Впрочем, причину своих обид она поведала Достоевскому сама — в том самом черновике. «Что ты никогда не мог понять, мне теперь ясно: они [отношения] для тебя были приличны... Ты вел себя, как человек серьезный, занятой, [который] посвоему понимал свои обязанности и не забывает и наслаждаться, напротив, даже, может быть, необходимым считал наслаждаться, [ибо] на том основании, что какой-то великий доктор или философ утверждал, что нужно пьяным напиться раз в месяц».

Она просила его не сердиться за эти слова и за то, что выражается «легко». Однако «легкой» Аполлинария была только в словах... «Легкой» любви у нее с Достоевским не получилось.

«Были жгучие наслаждения, — предполагал  биограф А. П. Сусловой и публикатор писем Достоевского А. С. Долинин, — было, по всей вероятности, отнюдь не радостное, распаленное сладострастие и вместе с тем какая-то жестокая методичность человека серьезного и занятого.
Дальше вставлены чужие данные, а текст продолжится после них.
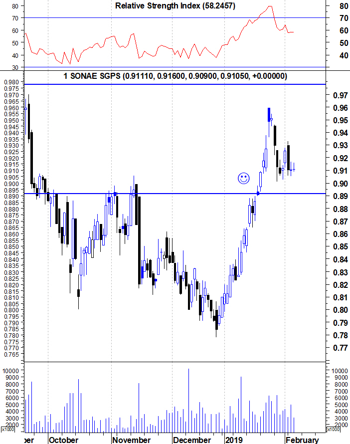 A Sonae está hoje a retrair pelo segundo dia consecutivo. Era importante para os touros que esta correcção parasse na zona dos 0,89, sinal de quebra de resistência e de reteste com sucesso da zona de resistência quebrada.
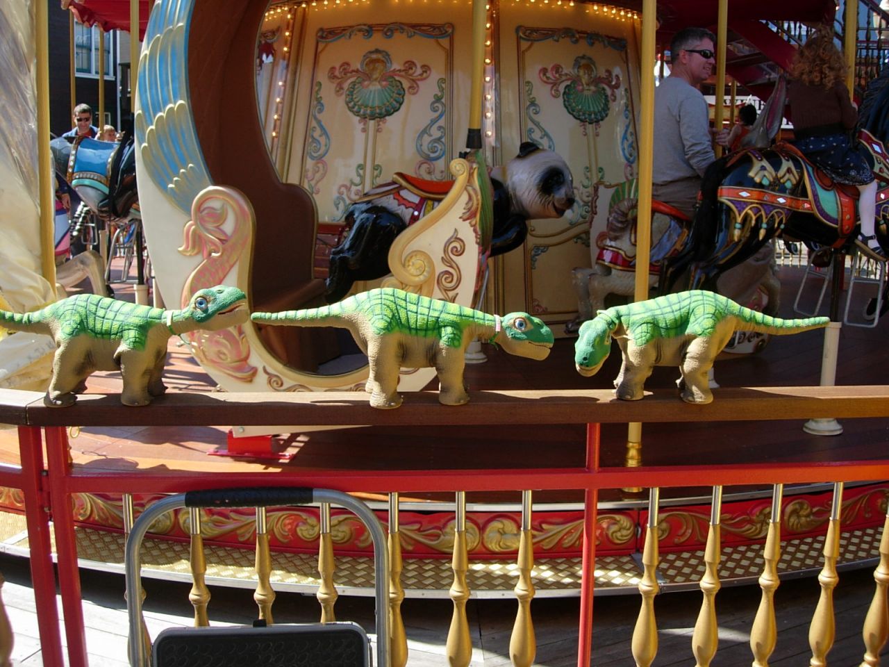 Pleo, J.C. and Penelopie couldn't wait to ride on the carousel.

Тогда каждый приход его, быть может, вместе с захватывающими переживаниями сладостно-грешными приносил с собой и глубокое незабываемое оскорбление. И раскалывался надвое образ “сияющего”, эрос превратился в патос, и переживалось это превращение тем более мучительно, что это ведь был он, автор “Униженных и оскорбленных”, столько слез умиления проливавший над идеалом чистой самоотверженной любви... Не раз будем мы встречаться в ее дневнике со вспышками как будто беспричинной ненависти к Достоевскому; и линии обычно ведут, — как бы само собою вырывается — все к этому первоначальному моменту их отношений, когда любовь, казалось бы, еще никем и ничем не была омрачена»35.
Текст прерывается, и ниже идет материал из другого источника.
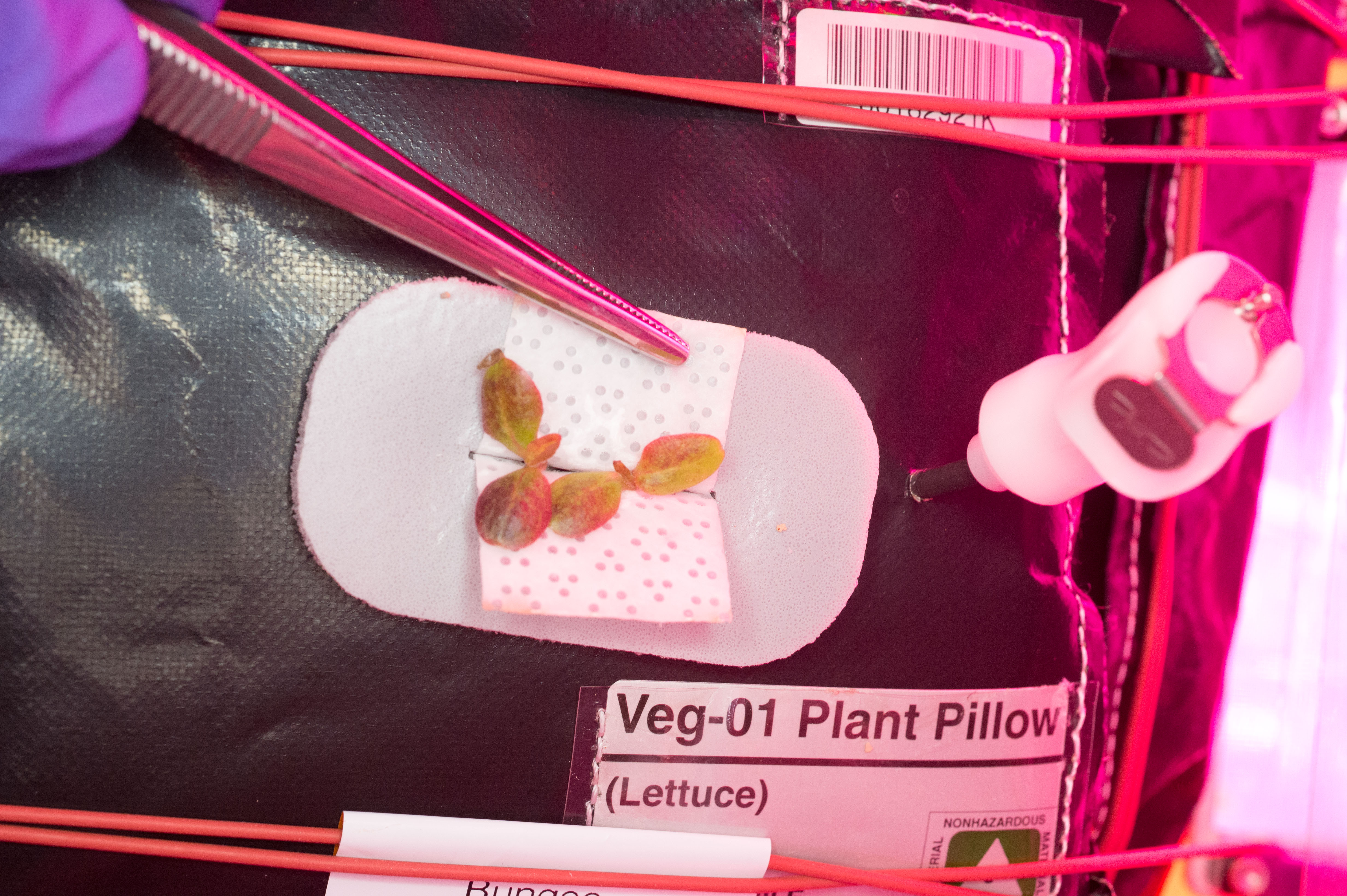 Astronaut Scott Kelly initiated VEG-01 B, the second crop of lettuce, on July, 8, 2015, and both Kelly and Astronaut Kjell Lindgren cared for the plants. The crop grew for 33 days. VEG-01 B included one set of six plant pillows planted with red romaine lettuce seeds. On Aug. 10, 2015, the crew harvested and consumed leaves from each plant. This was the first crop grown and consumed in NASA hardware. They harvested the rest of the plant tissue and froze it in the station’s Minus Eighty-Degree Laboratory Freezer for ISS (MELFI) for return to Earth for further study including microbial analysis, antioxidant capacity, mineral analysis and anthocyanin concentration.
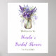 Belo sinal de boas-vindas ao chá de panela com flores lavandas num frasco de mason. Perfeito para um chá de panela. As palavras podem ser alteradas para se adequarem aos seus próprios detalhes ou requisitos
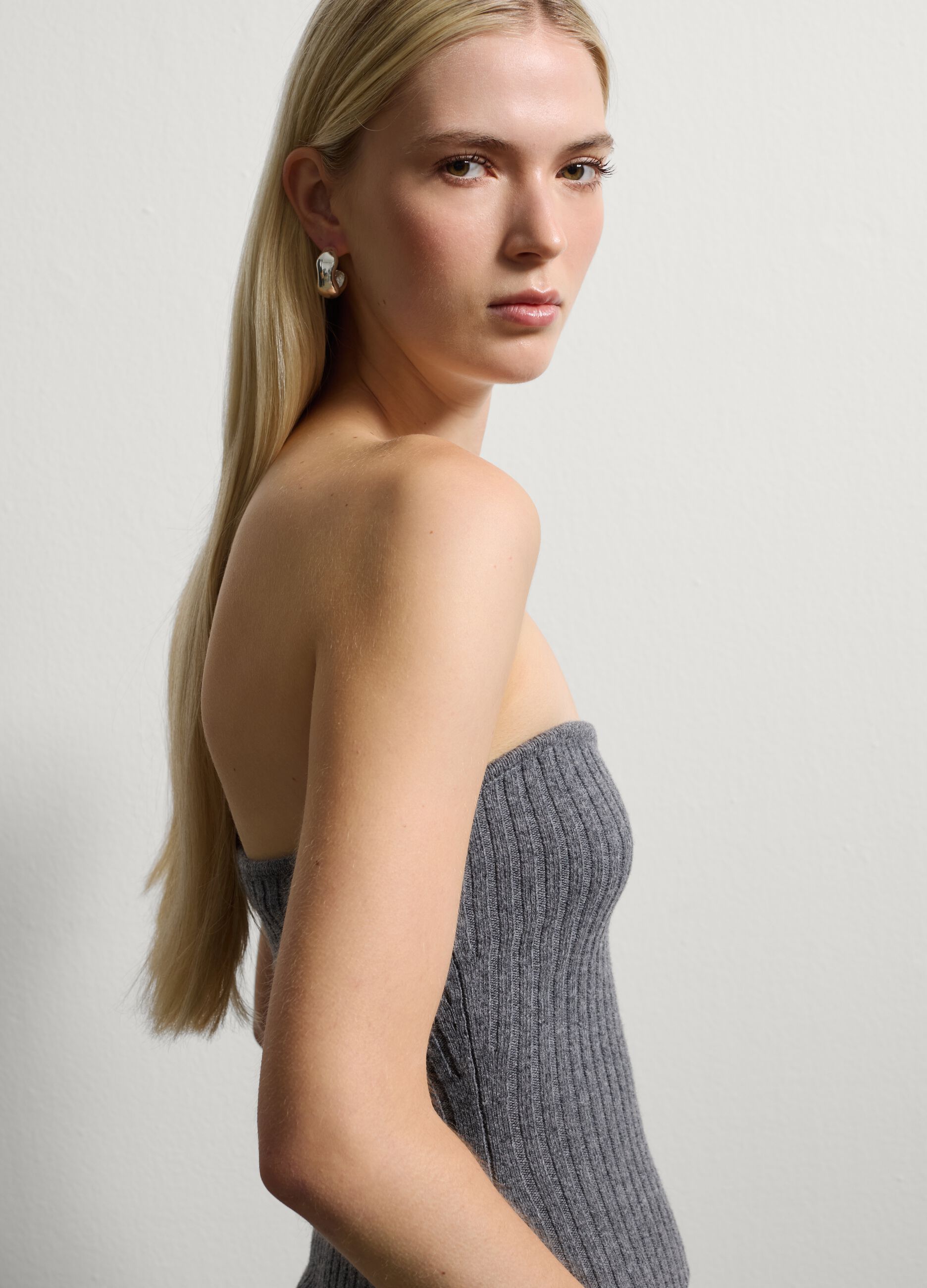 Gri bluz, serin sonbahar akşamları için ideal bir parçadır; esnek yün kumaşı sayesinde sıcaklık ve konfor sağlar. Askısız tasarımı modernlik ve çok yönlülük katar, çeşitli kıyafet stilleriyle mükemmel uyum sağlar. Vücuda mükemmel şekilde oturan, rahat bir kesim sunar.

Существовала, правда, одна заминка. Если любовь, до начала тягостных для нее «отношений», была хоть какое-то время возвышенна и чиста, красива и грандиозна, почему в эпистолярном черновике, да и в сочинении для журнала, писательница (как и ее героиня) всегда была занята одной собой? Почему все ее переживания были обращены только вглубь себя и никогда не направлены на другого, будто до этого «другого» ей нет никакого дела? В черновике письма она писала о Ф. М. как о серьезном и занятом человеке, и это, по-видимому, сильно ее раздражало. Но она не могла не знать о пережитой им каторге, о несчастливой семейной истории с неотменимыми заботами о пасынке и жене, приговоренной врачами, о помощи брату Коле, тихому пьянице, о хроническом безденежье, о долгах и писаниях к сроку. Она не могла не знать, наконец, о его падучей болезни — о ней знали все вокруг.
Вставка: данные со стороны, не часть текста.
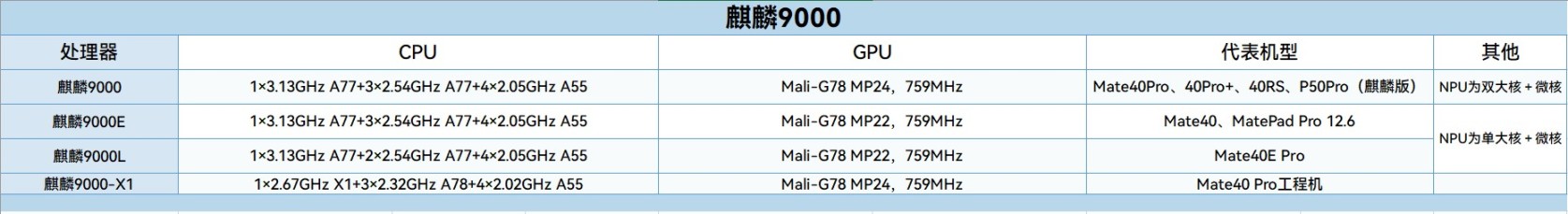 麒麟9000的X1超大核版,還用上了A78大核,可能是時間來不及了,華爲最終沒有投產。
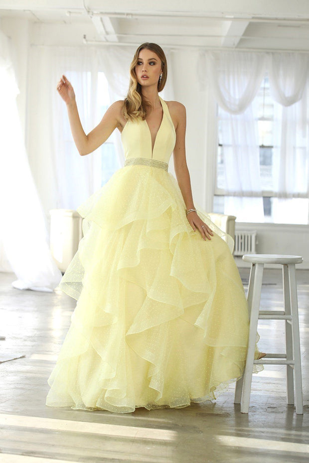 Look radiant in this long V-neck halter dress with dotted tiered skirt by Nox Anabel T256. This beautiful gown features a plunging sweetheart neckline with sheer inset detail. Highlights an open back and layered dotted layered mesh skirt. Beaded design accent around the waistline.
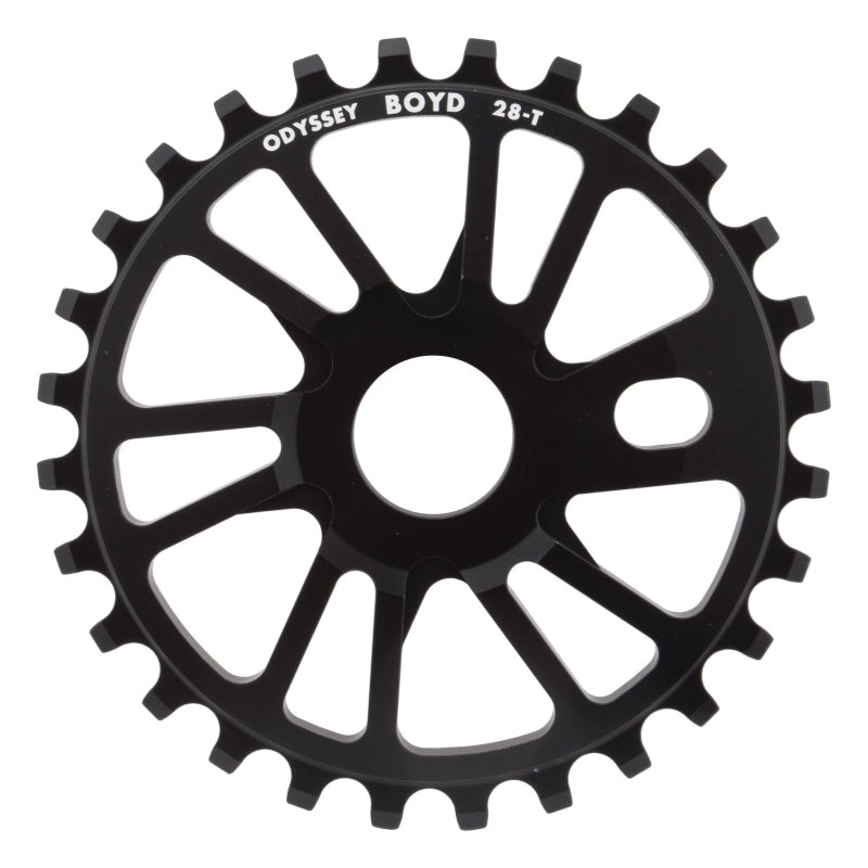 Odyssey Boyd Sprocket - 28T Black. Odysseys Boyd Hilder signature sprocket has a straight-forward five spoke directional design with clean and simple looks.CNC crafted with 7075 aluminumFang inspired dome shape profile with 8mm thickness and 1/8" teeth24mm
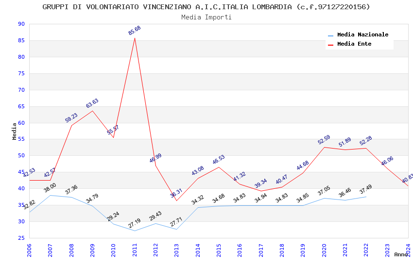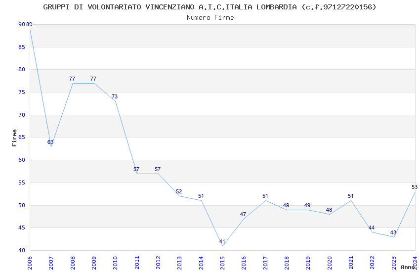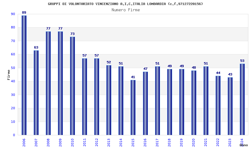 | Anno | Firme | Importi | Media | Naz. | Reg. | Prov. | Comu. |

Она не замечала его вечной усталости? Не видела, как он мечется, разрываясь между работой на износ, журналом, больной женой и — ею, молодой, здоровой, сильной, беззаботной и обеспеченной возлюбленной (П. Г. Суслов давал обеим дочерям достаточно средств на тот образ жизни, который они себе избрали и который включал длительные заграничные путешествия вместе с учебой в европейских столицах)? Она осуждала Ф. М. за регулярность («методичность») их свиданий, за избыточность его любовного пыла, за проявления любви, которые были не столь возвышенны, как ей, должно быть, хотелось, — и ничего ему не прощала? И это при еще длящейся «красивой, даже грандиозной», то есть возвышенной и чистой ее любви?

Два года спустя, когда любовь Достоевского к Аполлинарии все еще была жива, но «отношения» их прекратились навсегда, Ф. М., раздосадованный несправедливыми упреками, попытается оправдаться перед Н. П. Сусловой, обвинившей его, со слов сестры, в циничной привычке «лакомиться чужими страданиями и слезами». «Вы, кажется, не первый год меня знаете, что я в каждую тяжелую минуту к Вам приезжал отдохнуть душой, а в последнее время исключительно только к Вам одной и приходил, когда уж очень, бывало, наболит в сердце. Вы видели меня в самые искренние мои мгновения, а потому сами можете судить: люблю ли я питаться чужими страданиями, груб ли я (внутренно), жесток ли я?» — спрашивал он, зная ответ заранее.